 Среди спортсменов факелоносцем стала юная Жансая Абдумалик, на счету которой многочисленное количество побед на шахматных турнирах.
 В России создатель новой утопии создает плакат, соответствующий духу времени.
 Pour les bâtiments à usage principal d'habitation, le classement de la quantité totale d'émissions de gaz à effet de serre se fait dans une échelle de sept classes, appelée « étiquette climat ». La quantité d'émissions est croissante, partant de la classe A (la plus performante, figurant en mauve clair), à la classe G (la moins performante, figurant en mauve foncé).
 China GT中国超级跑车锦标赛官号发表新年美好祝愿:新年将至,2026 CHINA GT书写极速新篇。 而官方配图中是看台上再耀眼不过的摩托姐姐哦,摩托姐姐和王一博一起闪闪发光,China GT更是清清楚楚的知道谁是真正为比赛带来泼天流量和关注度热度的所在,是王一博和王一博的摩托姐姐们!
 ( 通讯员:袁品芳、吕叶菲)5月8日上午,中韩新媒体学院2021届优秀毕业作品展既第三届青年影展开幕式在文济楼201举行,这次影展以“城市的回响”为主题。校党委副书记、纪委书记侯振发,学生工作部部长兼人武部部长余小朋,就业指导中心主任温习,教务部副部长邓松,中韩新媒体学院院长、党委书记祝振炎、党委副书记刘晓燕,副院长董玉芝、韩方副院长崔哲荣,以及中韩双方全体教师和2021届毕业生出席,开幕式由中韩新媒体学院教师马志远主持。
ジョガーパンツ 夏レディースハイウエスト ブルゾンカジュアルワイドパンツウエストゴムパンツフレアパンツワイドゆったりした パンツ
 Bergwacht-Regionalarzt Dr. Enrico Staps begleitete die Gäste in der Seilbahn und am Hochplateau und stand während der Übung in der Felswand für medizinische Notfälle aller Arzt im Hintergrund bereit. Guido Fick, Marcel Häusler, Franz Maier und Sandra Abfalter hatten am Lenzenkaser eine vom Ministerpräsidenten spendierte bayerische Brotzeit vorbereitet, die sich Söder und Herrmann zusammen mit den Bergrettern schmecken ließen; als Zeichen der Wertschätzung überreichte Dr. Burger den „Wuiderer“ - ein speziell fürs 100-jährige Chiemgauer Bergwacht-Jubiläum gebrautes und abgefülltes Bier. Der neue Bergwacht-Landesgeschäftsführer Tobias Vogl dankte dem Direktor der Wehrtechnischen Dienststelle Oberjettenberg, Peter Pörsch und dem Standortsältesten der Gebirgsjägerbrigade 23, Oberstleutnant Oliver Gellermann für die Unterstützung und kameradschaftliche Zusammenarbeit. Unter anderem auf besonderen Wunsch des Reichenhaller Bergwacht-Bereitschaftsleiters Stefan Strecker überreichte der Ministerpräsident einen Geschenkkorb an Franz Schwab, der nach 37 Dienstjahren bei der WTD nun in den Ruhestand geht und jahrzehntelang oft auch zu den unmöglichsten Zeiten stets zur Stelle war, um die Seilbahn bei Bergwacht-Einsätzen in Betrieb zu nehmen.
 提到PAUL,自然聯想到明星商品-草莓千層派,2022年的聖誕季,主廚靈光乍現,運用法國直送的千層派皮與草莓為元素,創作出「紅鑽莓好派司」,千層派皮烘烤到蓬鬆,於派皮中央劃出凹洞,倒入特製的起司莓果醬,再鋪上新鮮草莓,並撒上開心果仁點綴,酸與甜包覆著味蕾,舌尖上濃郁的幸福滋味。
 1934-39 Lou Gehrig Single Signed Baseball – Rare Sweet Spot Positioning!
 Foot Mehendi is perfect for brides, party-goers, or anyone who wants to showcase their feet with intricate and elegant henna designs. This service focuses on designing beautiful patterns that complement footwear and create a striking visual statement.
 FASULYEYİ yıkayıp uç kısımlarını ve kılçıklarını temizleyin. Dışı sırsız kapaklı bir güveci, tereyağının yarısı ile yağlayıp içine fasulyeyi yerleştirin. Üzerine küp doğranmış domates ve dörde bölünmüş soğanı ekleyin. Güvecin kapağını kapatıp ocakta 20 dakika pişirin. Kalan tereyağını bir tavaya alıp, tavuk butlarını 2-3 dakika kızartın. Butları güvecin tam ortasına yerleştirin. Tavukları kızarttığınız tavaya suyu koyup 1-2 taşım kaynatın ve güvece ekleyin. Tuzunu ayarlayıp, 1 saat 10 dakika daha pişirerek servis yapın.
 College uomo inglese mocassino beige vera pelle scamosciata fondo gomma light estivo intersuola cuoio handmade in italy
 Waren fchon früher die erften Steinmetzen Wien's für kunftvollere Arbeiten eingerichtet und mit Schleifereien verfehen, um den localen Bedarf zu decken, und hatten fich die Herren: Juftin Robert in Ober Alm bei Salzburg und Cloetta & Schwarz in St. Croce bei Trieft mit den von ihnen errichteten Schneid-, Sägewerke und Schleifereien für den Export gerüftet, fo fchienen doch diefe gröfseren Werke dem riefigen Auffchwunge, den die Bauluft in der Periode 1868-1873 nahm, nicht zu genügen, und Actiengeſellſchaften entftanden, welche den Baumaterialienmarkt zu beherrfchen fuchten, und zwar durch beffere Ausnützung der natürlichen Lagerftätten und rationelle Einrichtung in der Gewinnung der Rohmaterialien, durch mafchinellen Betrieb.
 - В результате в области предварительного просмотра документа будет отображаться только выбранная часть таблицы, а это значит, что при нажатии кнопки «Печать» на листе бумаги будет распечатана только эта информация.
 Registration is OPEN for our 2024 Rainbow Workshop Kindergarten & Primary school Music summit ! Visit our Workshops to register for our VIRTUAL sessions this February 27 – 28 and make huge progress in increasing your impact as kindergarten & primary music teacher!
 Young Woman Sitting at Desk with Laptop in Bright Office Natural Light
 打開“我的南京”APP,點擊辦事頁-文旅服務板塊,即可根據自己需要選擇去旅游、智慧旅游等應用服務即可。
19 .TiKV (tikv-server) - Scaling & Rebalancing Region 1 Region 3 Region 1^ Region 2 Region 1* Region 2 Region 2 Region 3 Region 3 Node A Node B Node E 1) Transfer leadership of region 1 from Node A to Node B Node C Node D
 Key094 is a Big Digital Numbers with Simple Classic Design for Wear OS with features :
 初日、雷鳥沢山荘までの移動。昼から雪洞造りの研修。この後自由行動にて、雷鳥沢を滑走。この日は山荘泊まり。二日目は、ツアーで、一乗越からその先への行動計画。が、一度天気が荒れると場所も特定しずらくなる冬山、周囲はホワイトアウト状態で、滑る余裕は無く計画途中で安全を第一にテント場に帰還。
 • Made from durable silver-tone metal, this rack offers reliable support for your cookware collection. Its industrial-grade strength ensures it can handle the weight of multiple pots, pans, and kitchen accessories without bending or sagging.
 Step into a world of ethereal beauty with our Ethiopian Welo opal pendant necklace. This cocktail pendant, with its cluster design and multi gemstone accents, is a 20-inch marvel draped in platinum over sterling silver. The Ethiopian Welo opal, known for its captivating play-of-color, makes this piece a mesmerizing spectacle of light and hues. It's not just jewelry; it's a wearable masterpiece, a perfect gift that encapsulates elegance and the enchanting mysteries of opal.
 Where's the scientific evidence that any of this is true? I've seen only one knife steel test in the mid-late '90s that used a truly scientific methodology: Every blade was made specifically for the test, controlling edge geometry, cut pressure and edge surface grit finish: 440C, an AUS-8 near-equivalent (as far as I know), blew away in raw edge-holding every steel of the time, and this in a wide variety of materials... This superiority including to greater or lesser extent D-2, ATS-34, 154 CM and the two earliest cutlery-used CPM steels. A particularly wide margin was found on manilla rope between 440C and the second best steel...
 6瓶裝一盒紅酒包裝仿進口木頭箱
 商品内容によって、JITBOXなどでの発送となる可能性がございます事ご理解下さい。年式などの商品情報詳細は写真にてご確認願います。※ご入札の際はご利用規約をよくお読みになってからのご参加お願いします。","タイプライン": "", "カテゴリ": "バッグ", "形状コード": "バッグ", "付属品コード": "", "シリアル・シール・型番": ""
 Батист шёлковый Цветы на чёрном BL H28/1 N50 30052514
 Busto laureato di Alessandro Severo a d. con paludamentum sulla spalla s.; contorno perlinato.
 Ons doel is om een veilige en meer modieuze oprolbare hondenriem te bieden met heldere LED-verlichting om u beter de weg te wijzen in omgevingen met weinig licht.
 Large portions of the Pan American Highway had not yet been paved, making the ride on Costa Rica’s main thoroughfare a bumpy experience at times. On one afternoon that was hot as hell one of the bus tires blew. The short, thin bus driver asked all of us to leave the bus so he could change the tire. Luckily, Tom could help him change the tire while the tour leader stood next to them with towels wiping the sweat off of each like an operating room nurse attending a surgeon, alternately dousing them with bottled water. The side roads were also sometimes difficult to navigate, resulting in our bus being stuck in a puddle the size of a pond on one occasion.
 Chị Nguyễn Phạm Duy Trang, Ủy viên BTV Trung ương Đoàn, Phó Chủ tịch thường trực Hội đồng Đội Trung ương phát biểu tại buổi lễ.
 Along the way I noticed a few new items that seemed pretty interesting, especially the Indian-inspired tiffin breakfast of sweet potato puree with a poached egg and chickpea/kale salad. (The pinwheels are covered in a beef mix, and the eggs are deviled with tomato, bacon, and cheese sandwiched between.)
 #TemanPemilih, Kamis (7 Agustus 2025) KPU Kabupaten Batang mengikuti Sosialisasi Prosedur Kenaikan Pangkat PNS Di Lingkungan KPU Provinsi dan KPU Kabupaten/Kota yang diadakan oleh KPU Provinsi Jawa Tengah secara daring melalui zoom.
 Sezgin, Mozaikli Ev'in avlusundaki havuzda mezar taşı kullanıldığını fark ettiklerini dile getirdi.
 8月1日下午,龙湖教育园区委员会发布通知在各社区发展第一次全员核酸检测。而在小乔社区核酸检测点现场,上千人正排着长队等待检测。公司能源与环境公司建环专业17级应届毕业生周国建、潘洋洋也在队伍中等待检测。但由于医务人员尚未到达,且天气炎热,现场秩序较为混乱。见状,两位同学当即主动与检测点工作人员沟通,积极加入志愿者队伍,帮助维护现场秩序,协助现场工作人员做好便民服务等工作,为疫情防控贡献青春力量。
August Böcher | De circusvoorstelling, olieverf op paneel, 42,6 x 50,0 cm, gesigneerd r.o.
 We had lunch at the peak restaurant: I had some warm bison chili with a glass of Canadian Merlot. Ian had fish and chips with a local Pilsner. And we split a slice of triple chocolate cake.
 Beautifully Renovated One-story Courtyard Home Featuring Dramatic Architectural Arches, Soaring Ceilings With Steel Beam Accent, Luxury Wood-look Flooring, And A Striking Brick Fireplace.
──────────
● **Assignment**: Proceeding from the line containing "Bergwacht-Regionalarzt Dr. Enrico" through the line containing "1934-39 Lou Gehrig", transcribe the lines above exactly, both end lines included.

● **Result for this task**:
 Bergwacht-Regionalarzt Dr. Enrico Staps begleitete die Gäste in der Seilbahn und am Hochplateau und stand während der Übung in der Felswand für medizinische Notfälle aller Arzt im Hintergrund bereit. Guido Fick, Marcel Häusler, Franz Maier und Sandra Abfalter hatten am Lenzenkaser eine vom Ministerpräsidenten spendierte bayerische Brotzeit vorbereitet, die sich Söder und Herrmann zusammen mit den Bergrettern schmecken ließen; als Zeichen der Wertschätzung überreichte Dr. Burger den „Wuiderer“ - ein speziell fürs 100-jährige Chiemgauer Bergwacht-Jubiläum gebrautes und abgefülltes Bier. Der neue Bergwacht-Landesgeschäftsführer Tobias Vogl dankte dem Direktor der Wehrtechnischen Dienststelle Oberjettenberg, Peter Pörsch und dem Standortsältesten der Gebirgsjägerbrigade 23, Oberstleutnant Oliver Gellermann für die Unterstützung und kameradschaftliche Zusammenarbeit. Unter anderem auf besonderen Wunsch des Reichenhaller Bergwacht-Bereitschaftsleiters Stefan Strecker überreichte der Ministerpräsident einen Geschenkkorb an Franz Schwab, der nach 37 Dienstjahren bei der WTD nun in den Ruhestand geht und jahrzehntelang oft auch zu den unmöglichsten Zeiten stets zur Stelle war, um die Seilbahn bei Bergwacht-Einsätzen in Betrieb zu nehmen.
 提到PAUL,自然聯想到明星商品-草莓千層派,2022年的聖誕季,主廚靈光乍現,運用法國直送的千層派皮與草莓為元素,創作出「紅鑽莓好派司」,千層派皮烘烤到蓬鬆,於派皮中央劃出凹洞,倒入特製的起司莓果醬,再鋪上新鮮草莓,並撒上開心果仁點綴,酸與甜包覆著味蕾,舌尖上濃郁的幸福滋味。
 1934-39 Lou Gehrig Single Signed Baseball – Rare Sweet Spot Positioning!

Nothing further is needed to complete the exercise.